[Task brief]: Set down, exactly as written, the line containing "Polished Tiger’s Eye" and all the lines that follow it to the end of the entries below, omitting every picture.

[Data listing]:
┌──

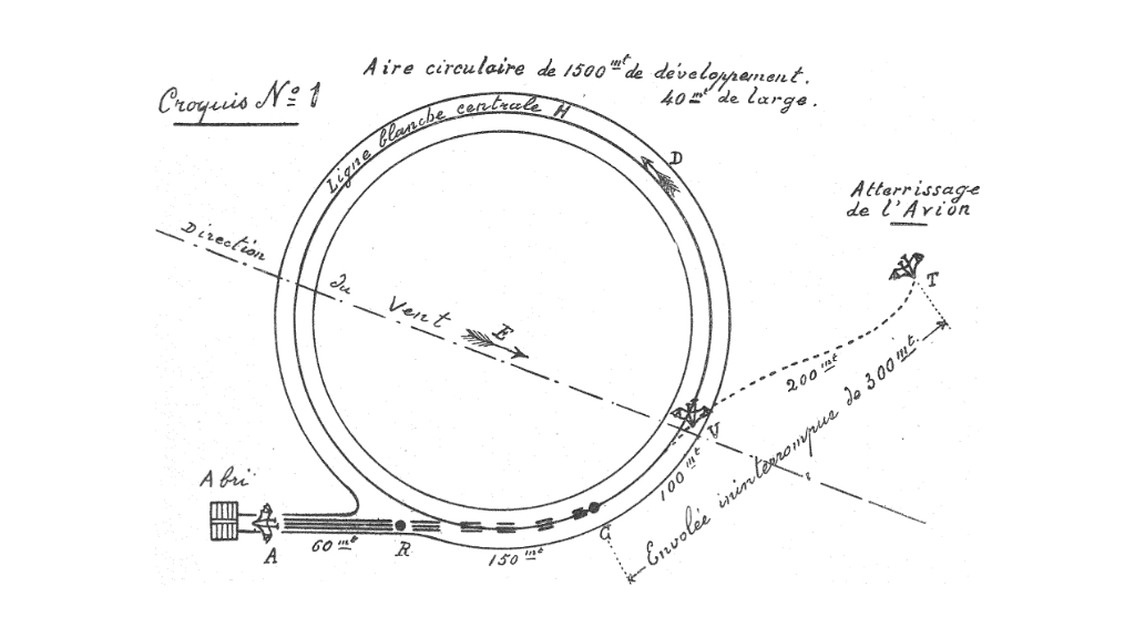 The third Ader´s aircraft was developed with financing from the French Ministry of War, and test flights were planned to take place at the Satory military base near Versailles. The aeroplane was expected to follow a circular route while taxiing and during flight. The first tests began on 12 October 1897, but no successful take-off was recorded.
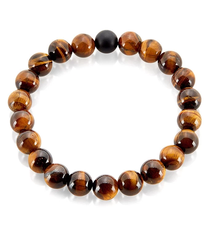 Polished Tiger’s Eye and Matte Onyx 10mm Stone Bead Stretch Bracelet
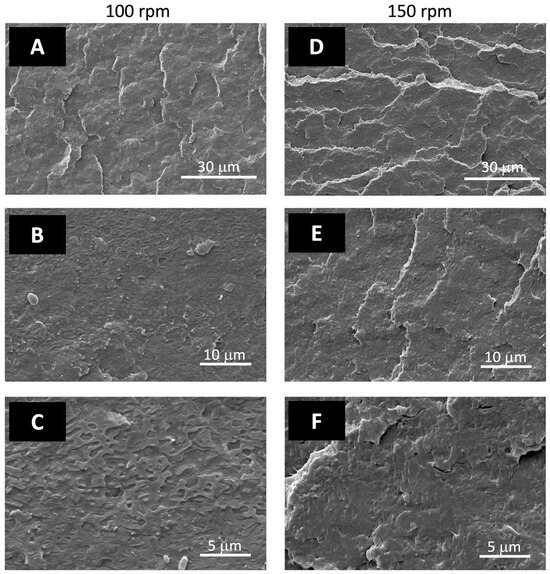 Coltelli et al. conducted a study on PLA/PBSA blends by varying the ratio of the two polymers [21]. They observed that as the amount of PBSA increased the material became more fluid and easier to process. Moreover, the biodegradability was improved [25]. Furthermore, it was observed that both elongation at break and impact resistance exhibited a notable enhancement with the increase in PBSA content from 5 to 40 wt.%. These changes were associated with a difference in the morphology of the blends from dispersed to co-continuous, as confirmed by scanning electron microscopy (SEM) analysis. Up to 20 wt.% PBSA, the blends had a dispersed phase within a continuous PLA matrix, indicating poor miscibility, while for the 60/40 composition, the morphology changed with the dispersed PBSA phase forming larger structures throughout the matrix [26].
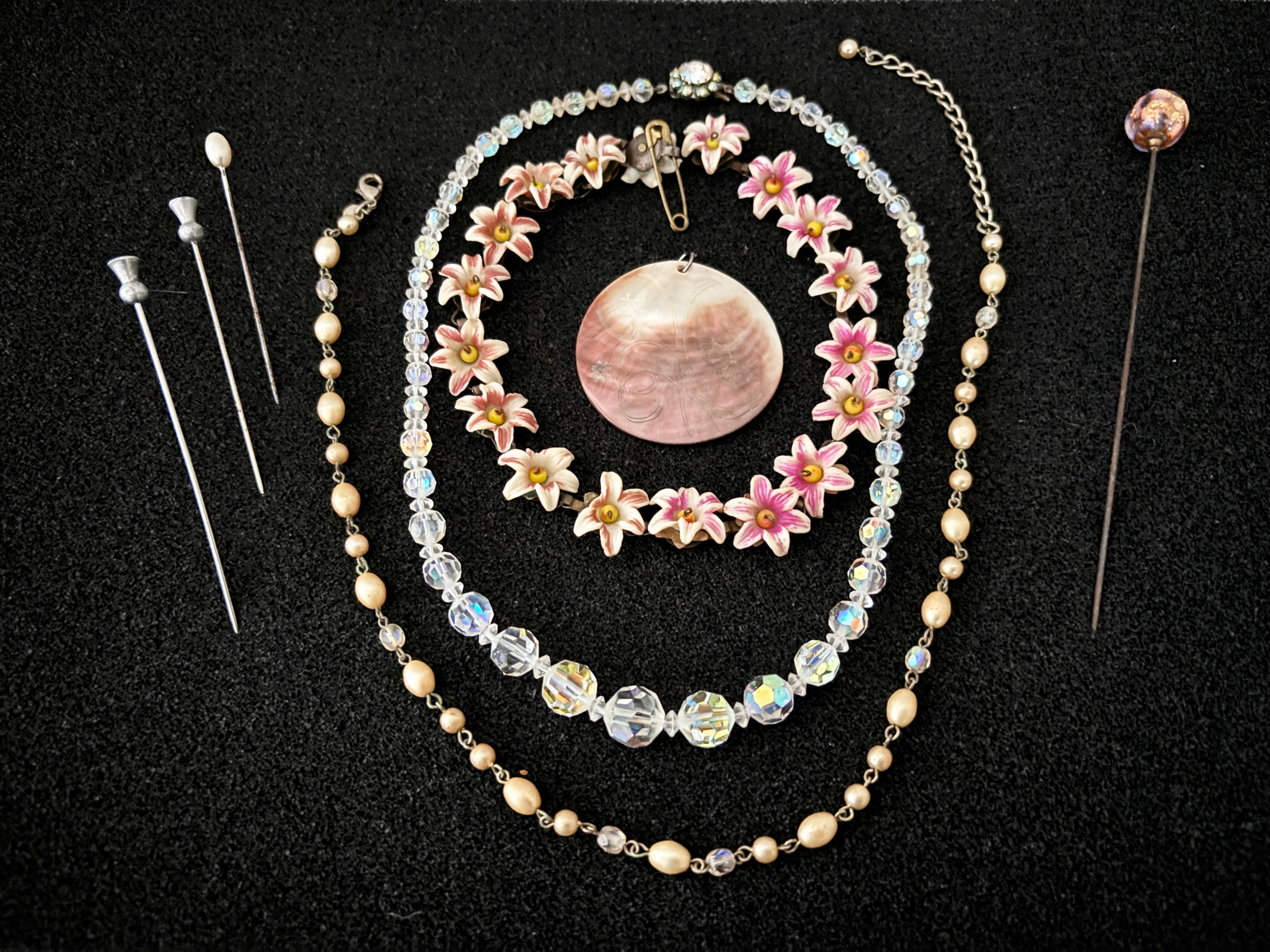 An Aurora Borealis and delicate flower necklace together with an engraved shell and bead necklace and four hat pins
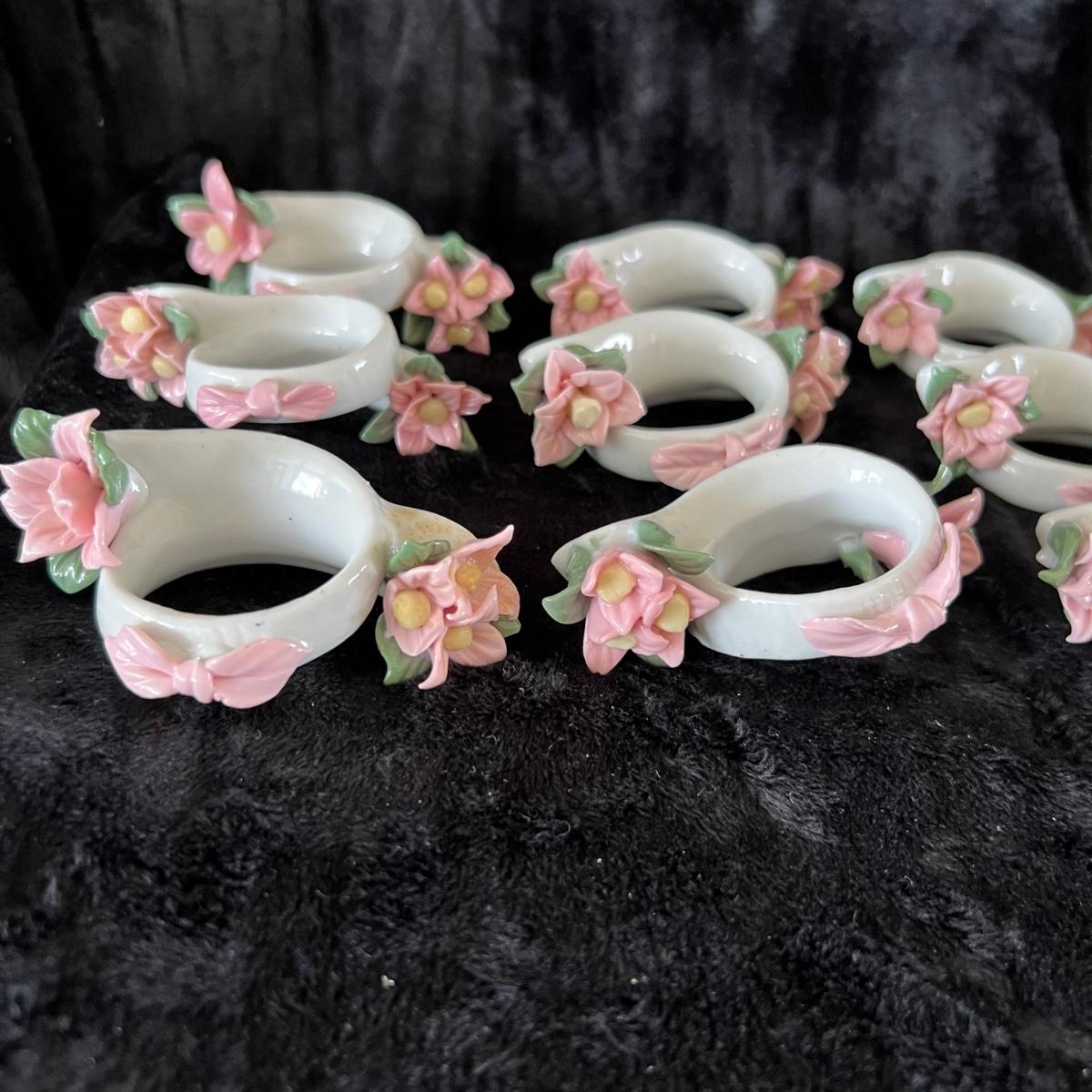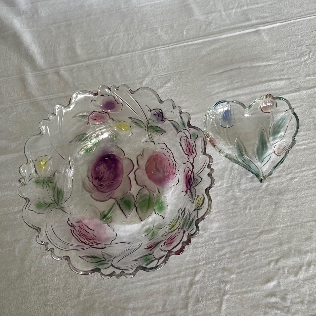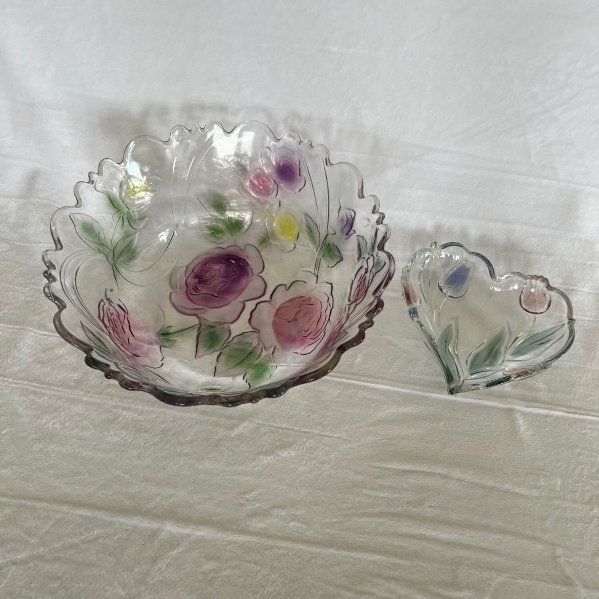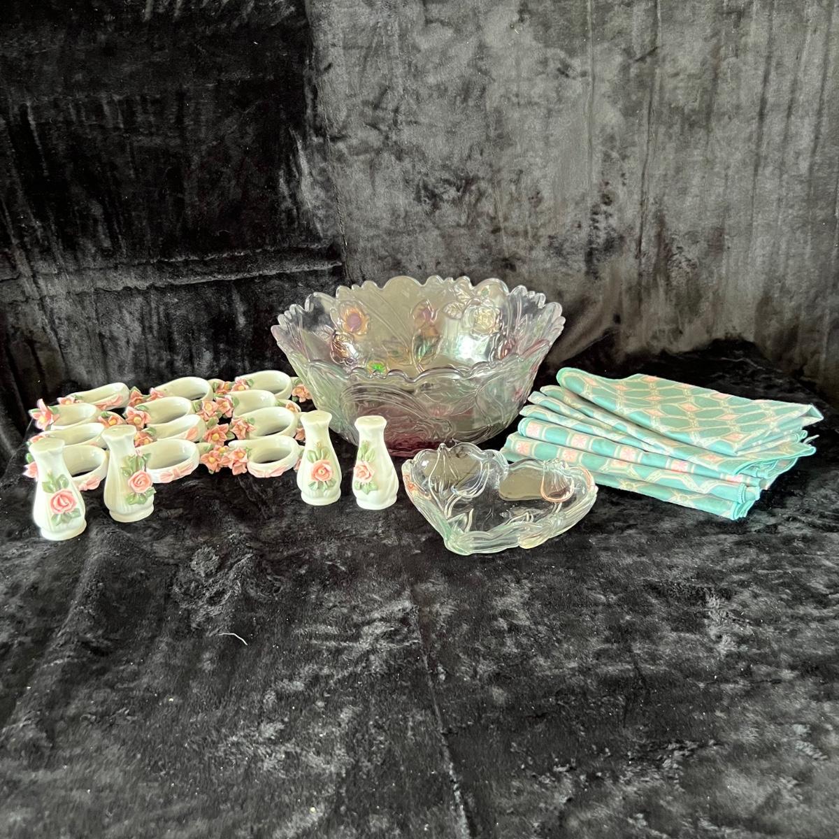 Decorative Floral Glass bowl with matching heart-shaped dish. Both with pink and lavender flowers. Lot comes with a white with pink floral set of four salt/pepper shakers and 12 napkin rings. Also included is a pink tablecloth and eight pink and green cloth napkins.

└──

[Output of the exercise]:
 Polished Tiger’s Eye and Matte Onyx 10mm Stone Bead Stretch Bracelet
 Coltelli et al. conducted a study on PLA/PBSA blends by varying the ratio of the two polymers [21]. They observed that as the amount of PBSA increased the material became more fluid and easier to process. Moreover, the biodegradability was improved [25]. Furthermore, it was observed that both elongation at break and impact resistance exhibited a notable enhancement with the increase in PBSA content from 5 to 40 wt.%. These changes were associated with a difference in the morphology of the blends from dispersed to co-continuous, as confirmed by scanning electron microscopy (SEM) analysis. Up to 20 wt.% PBSA, the blends had a dispersed phase within a continuous PLA matrix, indicating poor miscibility, while for the 60/40 composition, the morphology changed with the dispersed PBSA phase forming larger structures throughout the matrix [26].
 An Aurora Borealis and delicate flower necklace together with an engraved shell and bead necklace and four hat pins
 Decorative Floral Glass bowl with matching heart-shaped dish. Both with pink and lavender flowers. Lot comes with a white with pink floral set of four salt/pepper shakers and 12 napkin rings. Also included is a pink tablecloth and eight pink and green cloth napkins.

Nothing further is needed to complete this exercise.